[[ DATASET open ]]

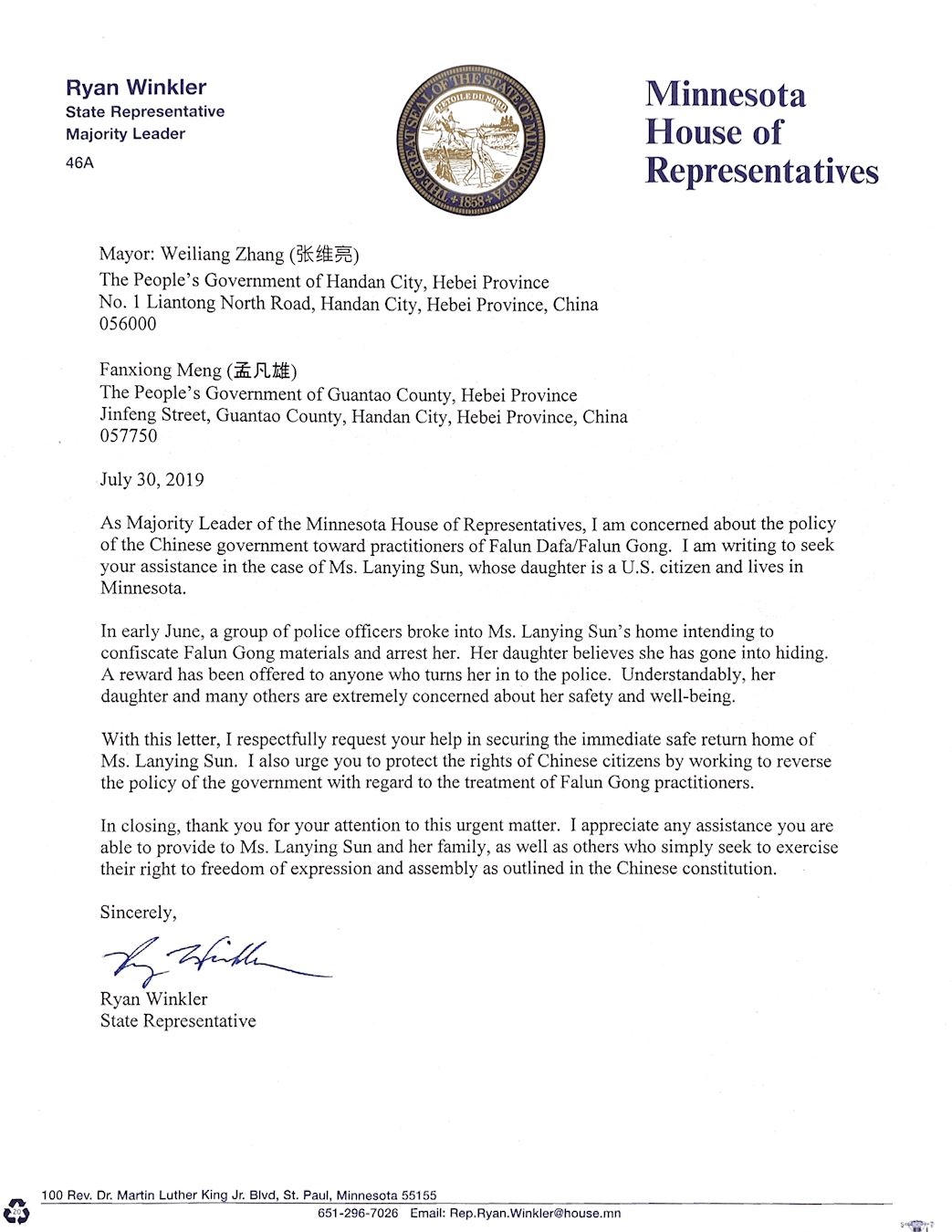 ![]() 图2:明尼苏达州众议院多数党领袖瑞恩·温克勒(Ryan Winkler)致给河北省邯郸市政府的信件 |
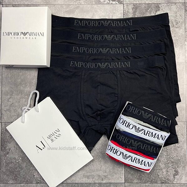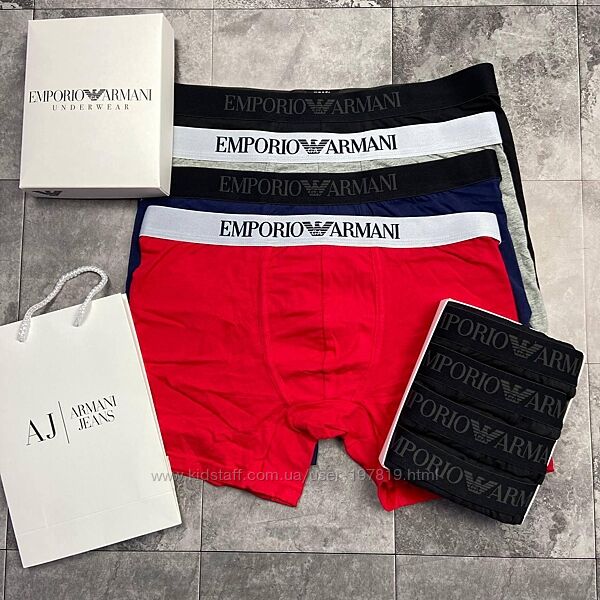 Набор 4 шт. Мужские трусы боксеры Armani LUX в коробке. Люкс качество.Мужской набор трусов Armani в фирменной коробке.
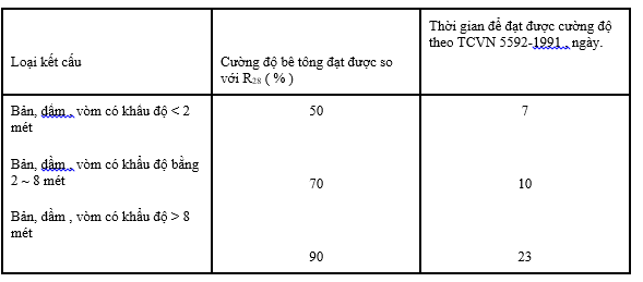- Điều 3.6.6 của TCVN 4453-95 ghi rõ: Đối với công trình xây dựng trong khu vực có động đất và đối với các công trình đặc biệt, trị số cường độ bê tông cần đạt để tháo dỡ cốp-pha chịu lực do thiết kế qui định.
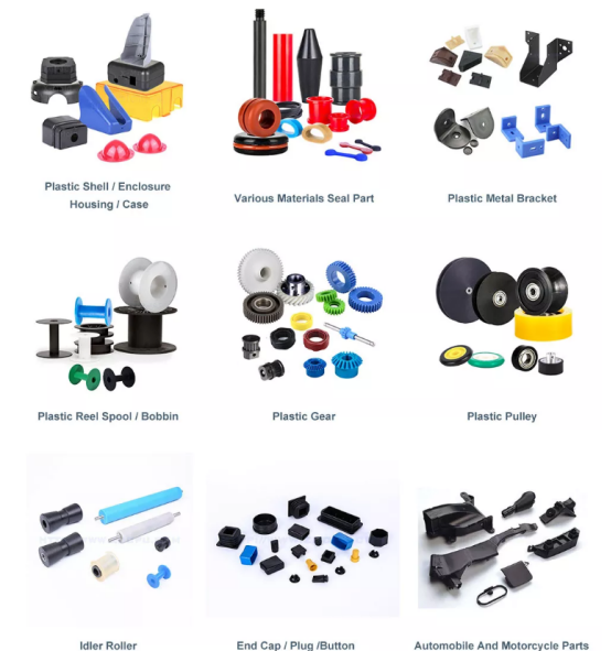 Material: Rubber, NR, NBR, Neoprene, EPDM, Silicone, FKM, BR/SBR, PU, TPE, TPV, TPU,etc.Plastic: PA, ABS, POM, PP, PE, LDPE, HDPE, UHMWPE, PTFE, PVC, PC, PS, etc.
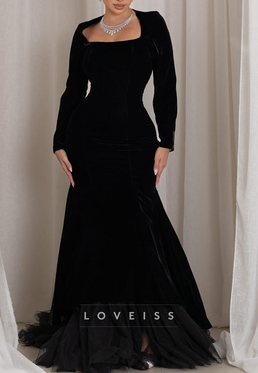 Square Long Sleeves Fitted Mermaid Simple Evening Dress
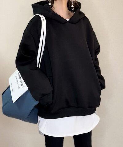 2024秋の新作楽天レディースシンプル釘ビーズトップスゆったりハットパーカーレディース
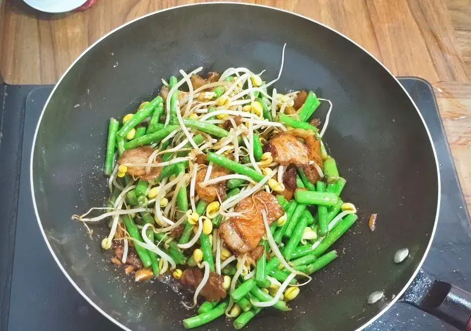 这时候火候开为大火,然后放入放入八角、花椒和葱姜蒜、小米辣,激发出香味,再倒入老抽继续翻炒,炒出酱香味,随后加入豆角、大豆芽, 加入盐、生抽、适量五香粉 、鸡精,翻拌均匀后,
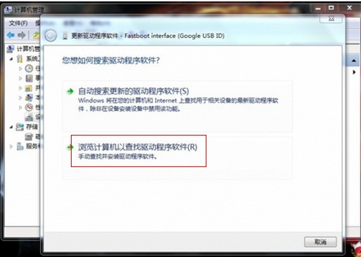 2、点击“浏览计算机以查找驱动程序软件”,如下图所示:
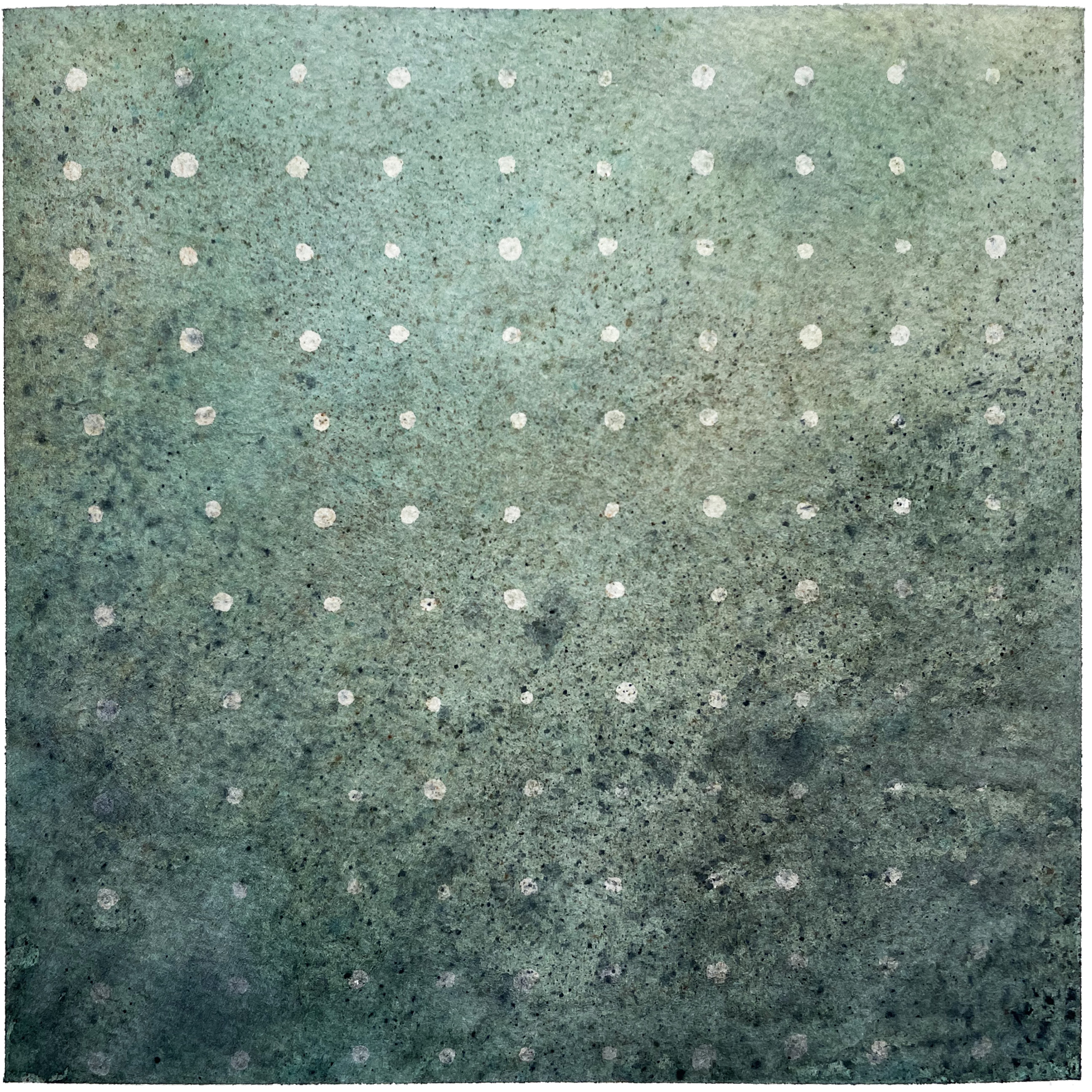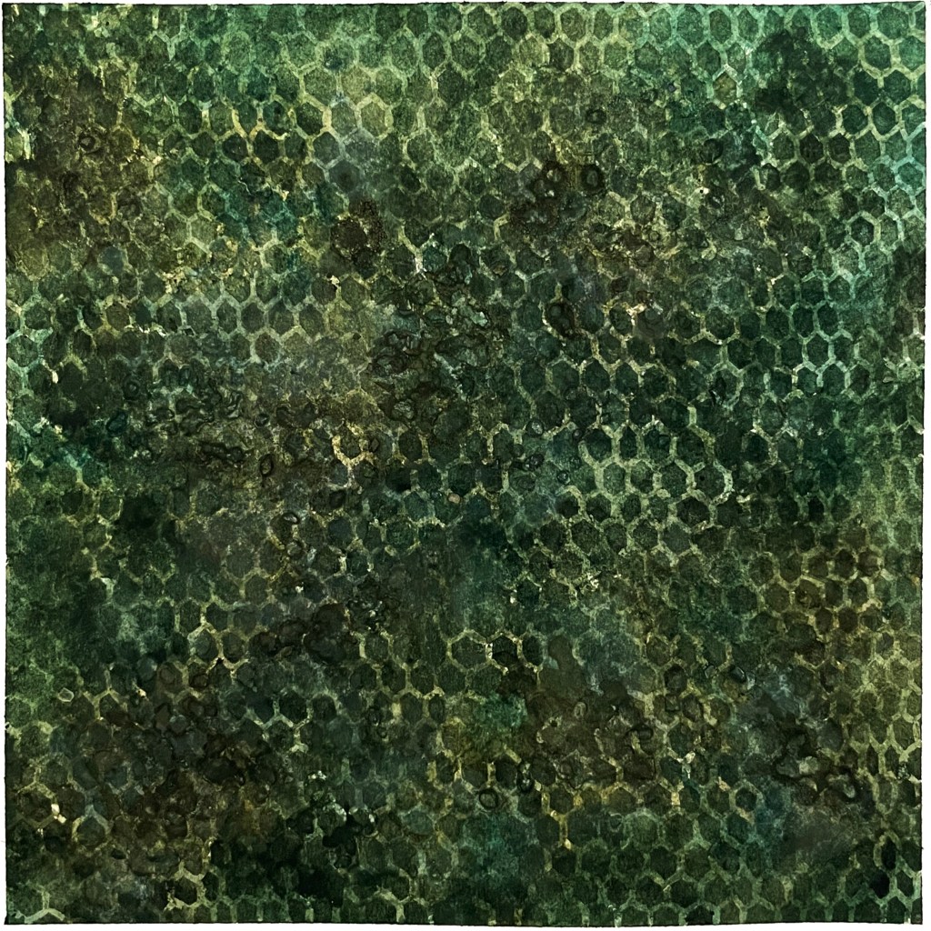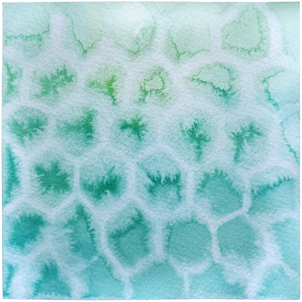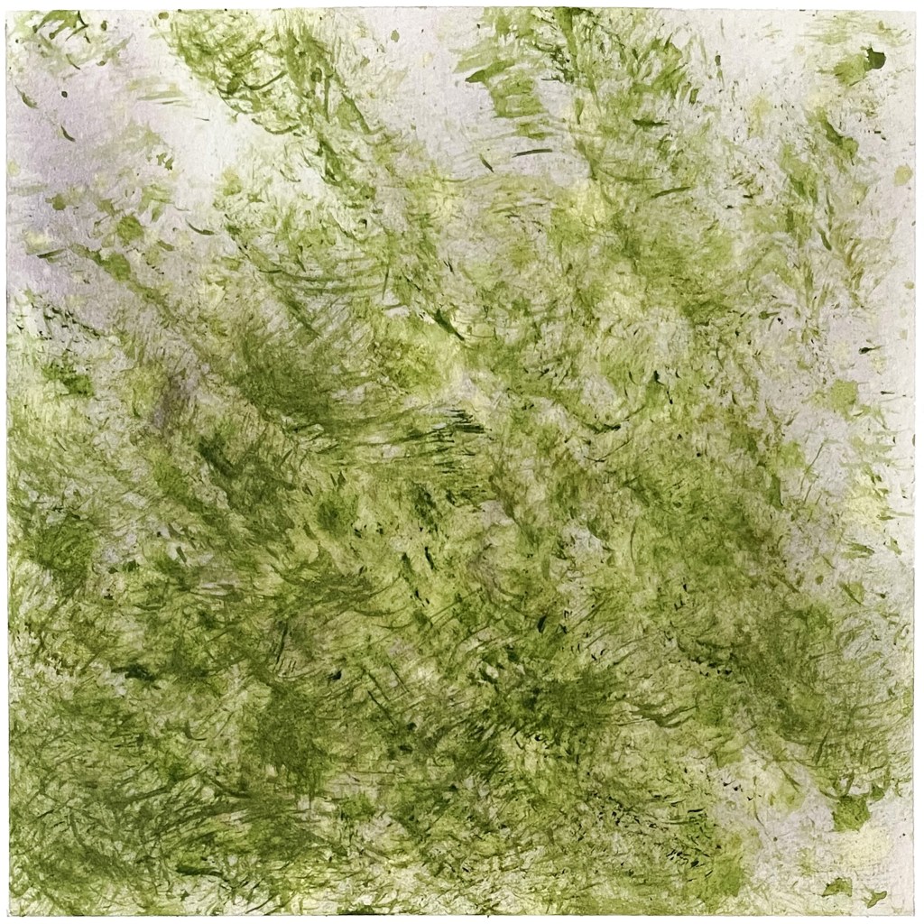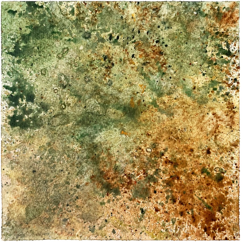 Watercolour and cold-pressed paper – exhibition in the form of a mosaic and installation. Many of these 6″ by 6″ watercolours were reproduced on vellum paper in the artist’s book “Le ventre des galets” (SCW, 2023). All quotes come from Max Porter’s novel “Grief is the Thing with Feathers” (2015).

[[ DATASET closed ]]

▶ [TO DO]
Only lines belong in the copy, not pictures: write out exactly the lines of the records from the first through the one holding "- Điều 3.6.6".

▶ [RESULT OF THE TASK]
 ![]() 图2:明尼苏达州众议院多数党领袖瑞恩·温克勒(Ryan Winkler)致给河北省邯郸市政府的信件 |
 Набор 4 шт. Мужские трусы боксеры Armani LUX в коробке. Люкс качество.Мужской набор трусов Armani в фирменной коробке.
- Điều 3.6.6 của TCVN 4453-95 ghi rõ: Đối với công trình xây dựng trong khu vực có động đất và đối với các công trình đặc biệt, trị số cường độ bê tông cần đạt để tháo dỡ cốp-pha chịu lực do thiết kế qui định.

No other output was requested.